S.W.3d 137, 140 (Mo. App. 2011) (quoting State Bd. of Accountancy v. Integrated

Fin. Solutions, L.L.C., 256 S.W.3d 48, 54 (Mo. banc 2008)). To determine if judicial

estoppel applies, we consider the following factors:

First, a party's later position must be clearly inconsistent with its earlier position. Second, courts regularly inquire whether the party has succeeded in persuading a court to accept that party's earlier position . . . . A third consideration is whether the party seeking to assert an inconsistent position would derive an unfair advantage or impose an unfair detriment on the opposing party if not estopped.

Id. “[U]nder United States Supreme Court precedent these factors are not fixed

or inflexible prerequisites.” Id.

The parties dispute whether Watterson’s failure to claim an ownership

interest in WHD and WHR during his prior bankruptcy proceeding precludes him

from alleging the interest now. Watterson filed for bankruptcy in May 2011. He

testified that he and Wilson agreed to become co-owners of the soon-to-be

organized WHR in August 2011. Therefore, Watterson asserts that, when he filed

his bankruptcy petition, he did not have any interest in WHR to disclose to the

bankruptcy court. Further, Watterson filed under Chapter 7 of the United States

4 Code, which does not require parties to apprise the court of any property interests

acquired after the filing date. Harris v. Veigalahn, 575 U.S. 510, 513-14 (2015).
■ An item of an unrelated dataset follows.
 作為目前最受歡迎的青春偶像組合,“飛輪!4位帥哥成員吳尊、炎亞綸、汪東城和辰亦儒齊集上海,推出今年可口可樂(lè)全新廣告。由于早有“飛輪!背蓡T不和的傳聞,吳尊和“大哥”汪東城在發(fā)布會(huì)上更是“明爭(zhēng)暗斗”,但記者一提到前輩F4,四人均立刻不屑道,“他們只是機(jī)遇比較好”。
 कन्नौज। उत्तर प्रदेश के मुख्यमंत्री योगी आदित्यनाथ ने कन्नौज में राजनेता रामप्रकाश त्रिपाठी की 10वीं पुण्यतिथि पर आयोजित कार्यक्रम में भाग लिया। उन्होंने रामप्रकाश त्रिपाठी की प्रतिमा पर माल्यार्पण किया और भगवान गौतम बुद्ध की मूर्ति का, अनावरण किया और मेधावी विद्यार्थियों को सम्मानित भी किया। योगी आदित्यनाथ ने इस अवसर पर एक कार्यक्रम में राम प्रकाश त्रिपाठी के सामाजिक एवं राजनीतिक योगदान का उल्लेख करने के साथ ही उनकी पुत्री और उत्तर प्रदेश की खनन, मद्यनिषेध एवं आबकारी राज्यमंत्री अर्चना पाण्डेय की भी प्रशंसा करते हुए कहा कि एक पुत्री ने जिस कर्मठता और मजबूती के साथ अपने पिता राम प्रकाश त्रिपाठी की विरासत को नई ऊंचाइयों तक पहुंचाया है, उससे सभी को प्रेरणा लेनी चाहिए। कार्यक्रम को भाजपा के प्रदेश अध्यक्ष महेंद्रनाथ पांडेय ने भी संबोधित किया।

Wilson argues that Watterson should have listed an interest in WHR

because it was sufficiently rooted in the pre-bankruptcy past. Property acquired

after filing the bankruptcy petition may still be property of the bankruptcy estate if

an interest in that property was “sufficiently rooted in the pre-bankruptcy past.”
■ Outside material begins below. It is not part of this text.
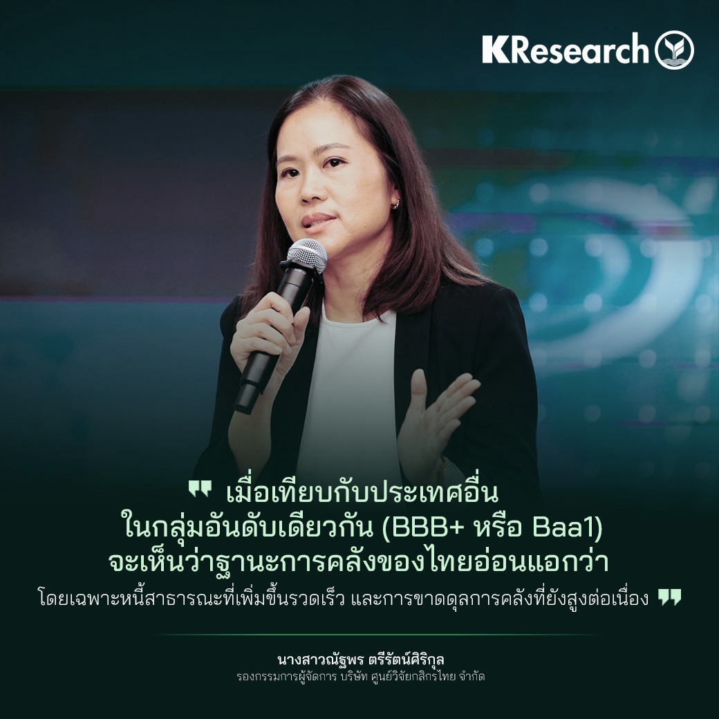 นางสาวณัฐพร ตรีรัตน์ศิริกุล รองกรรมการผู้จัดการ บริษัท ศูนย์วิจัยกสิกรไทย จำกัด กล่าวว่า เมื่อเปรียบเทียบกับประเทศอื่นในกลุ่มอันดับเดียวกัน (BBB+ หรือ Baa1) จะเห็นว่าฐานะการคลังของไทยอ่อนแอกว่า โดยเฉพาะหนี้สาธารณะที่เพิ่มขึ้นรวดเร็ว และการขาดดุลการคลังที่ยังสูงต่อเนื่อง ทั้งนี้ ในกรณีเศรษฐกิจไทยเติบโตเพียง 2% ต่อปีในระยะข้างหน้า การขาดดุลการคลังอาจยังอยู่สูงกว่า -4.0% ของ GDP และหนี้สาธารณะมีแนวโน้มแตะกรอบเพดาน 70% ภายในปี 2570 ทั้งนี้ รัฐบาลไทยอยู่ระหว่างการทบทวนแผนการคลังระยะปานกลาง ซึ่งน่าจะเห็นรายละเอียดแผนลดการขาดดุลการคลังที่ชัดเจนขึ้น
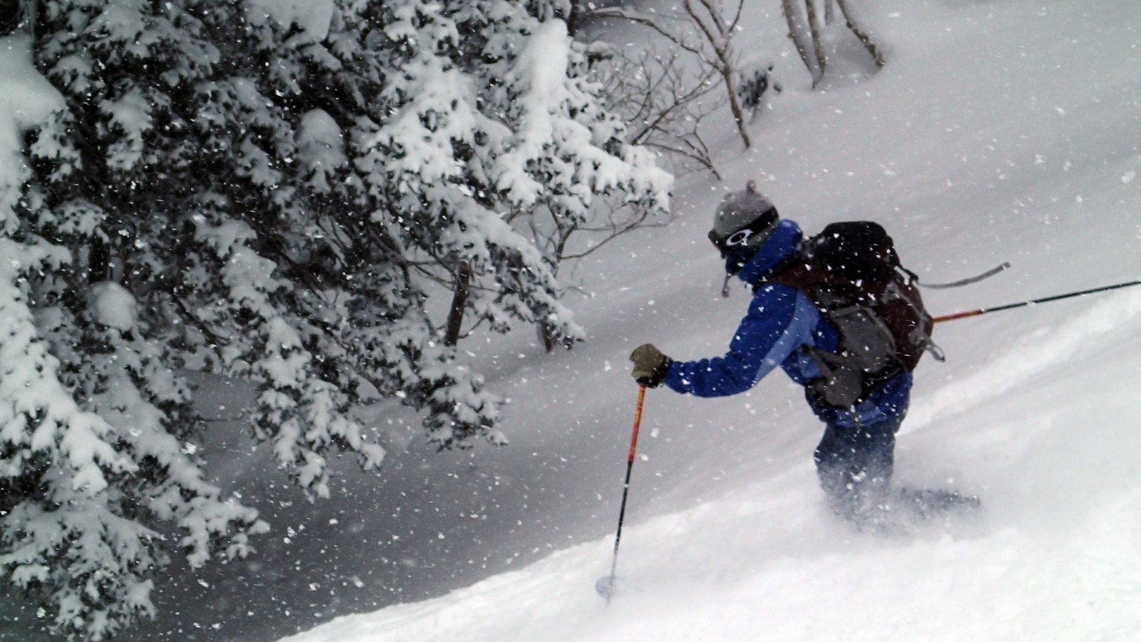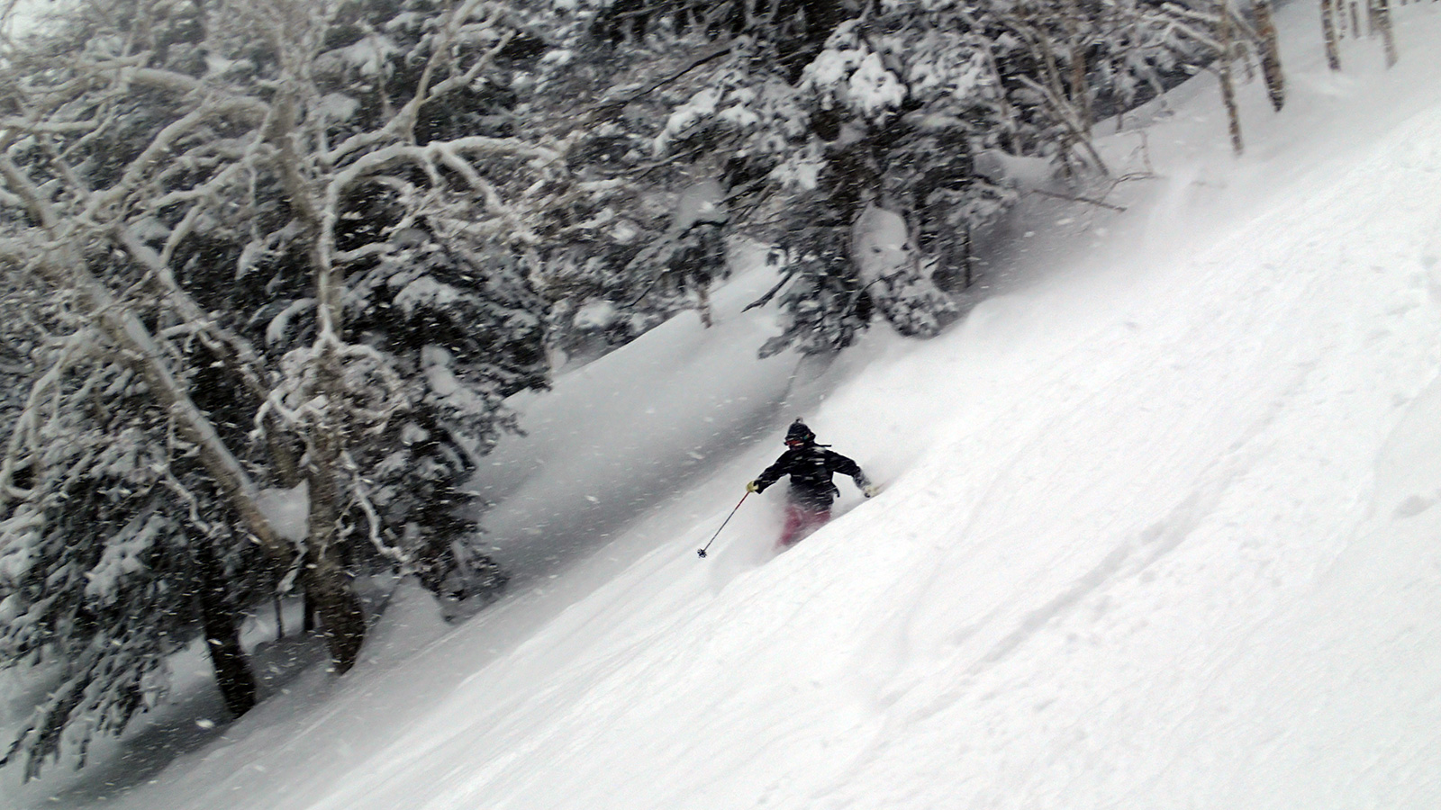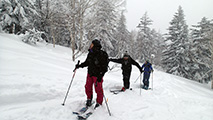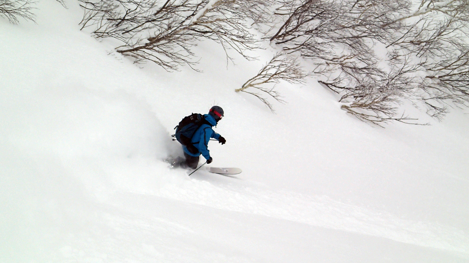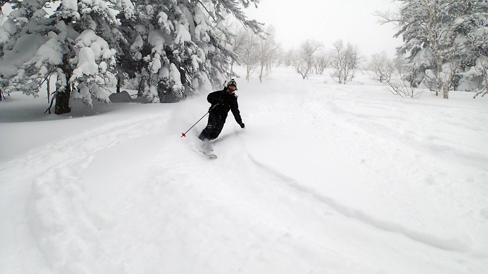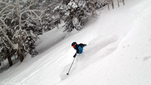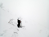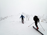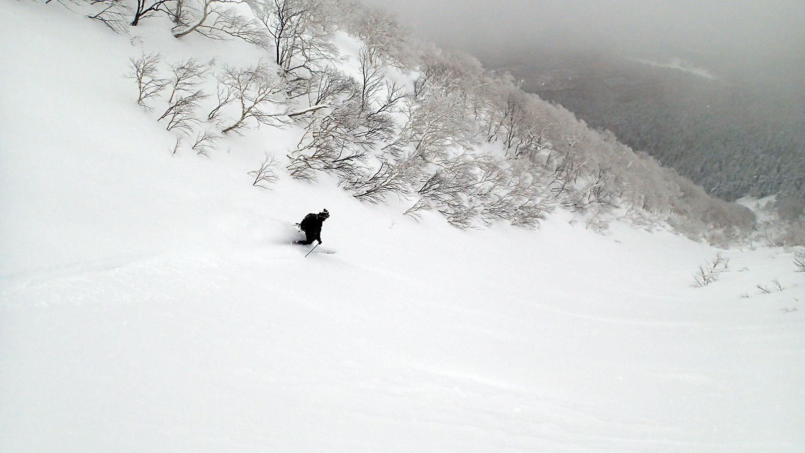 雪質:樹林帯は深くて軽い雪。森林限界より上はウィンドクラストの上に20〜30cmのウィンドスラブ

Segal v. Rochelle, 382 U.S. 375, 380 (1966). Wilson first argues that WHR was a

continuation of WHD and, therefore, was sufficiently rooted because WHD existed

prior to Wilson’s filing. This argument ignores that WHD and WHR are ultimately

separate and distinct legal entities, and the summary judgment record does not

indicate whether WHR merely continued WHD’s business (in terms of its

customers, employees, assets, or otherwise). To find a sufficiently rooted interest,

courts consider whether a “readily discernible interest” existed at the time of

filing. In re Vote, 276 F.3d 1024, 1026-27 (8th Cir.